→ **Aim of the exercise**: Below are records with pictures in them. Output exactly the lines from the one with "2023年12月1日晚,由英" through the one with "Какой проект коттеджа", both included, and leave every picture out; give only those lines.

→ **Input records**:
☆ ☆ ☆

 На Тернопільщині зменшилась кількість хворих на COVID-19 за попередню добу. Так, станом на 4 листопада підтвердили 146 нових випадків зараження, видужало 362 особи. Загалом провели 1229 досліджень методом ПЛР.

☆ ☆ ☆

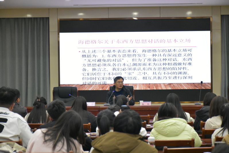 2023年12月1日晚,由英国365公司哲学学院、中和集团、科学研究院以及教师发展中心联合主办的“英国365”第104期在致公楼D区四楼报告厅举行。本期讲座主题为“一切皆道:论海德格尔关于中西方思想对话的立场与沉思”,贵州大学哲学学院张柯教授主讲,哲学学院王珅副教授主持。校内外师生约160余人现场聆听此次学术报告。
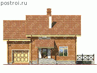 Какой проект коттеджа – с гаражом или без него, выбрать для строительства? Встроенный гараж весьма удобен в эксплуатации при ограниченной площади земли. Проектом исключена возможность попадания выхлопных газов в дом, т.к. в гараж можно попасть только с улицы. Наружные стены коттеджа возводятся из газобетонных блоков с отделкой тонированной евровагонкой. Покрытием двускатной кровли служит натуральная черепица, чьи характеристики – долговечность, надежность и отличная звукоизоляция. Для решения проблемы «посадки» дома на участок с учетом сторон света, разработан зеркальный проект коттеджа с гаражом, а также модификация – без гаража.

☆ ☆ ☆

→ **Reply**:
 2023年12月1日晚,由英国365公司哲学学院、中和集团、科学研究院以及教师发展中心联合主办的“英国365”第104期在致公楼D区四楼报告厅举行。本期讲座主题为“一切皆道:论海德格尔关于中西方思想对话的立场与沉思”,贵州大学哲学学院张柯教授主讲,哲学学院王珅副教授主持。校内外师生约160余人现场聆听此次学术报告。
 Какой проект коттеджа – с гаражом или без него, выбрать для строительства? Встроенный гараж весьма удобен в эксплуатации при ограниченной площади земли. Проектом исключена возможность попадания выхлопных газов в дом, т.к. в гараж можно попасть только с улицы. Наружные стены коттеджа возводятся из газобетонных блоков с отделкой тонированной евровагонкой. Покрытием двускатной кровли служит натуральная черепица, чьи характеристики – долговечность, надежность и отличная звукоизоляция. Для решения проблемы «посадки» дома на участок с учетом сторон света, разработан зеркальный проект коттеджа с гаражом, а также модификация – без гаража.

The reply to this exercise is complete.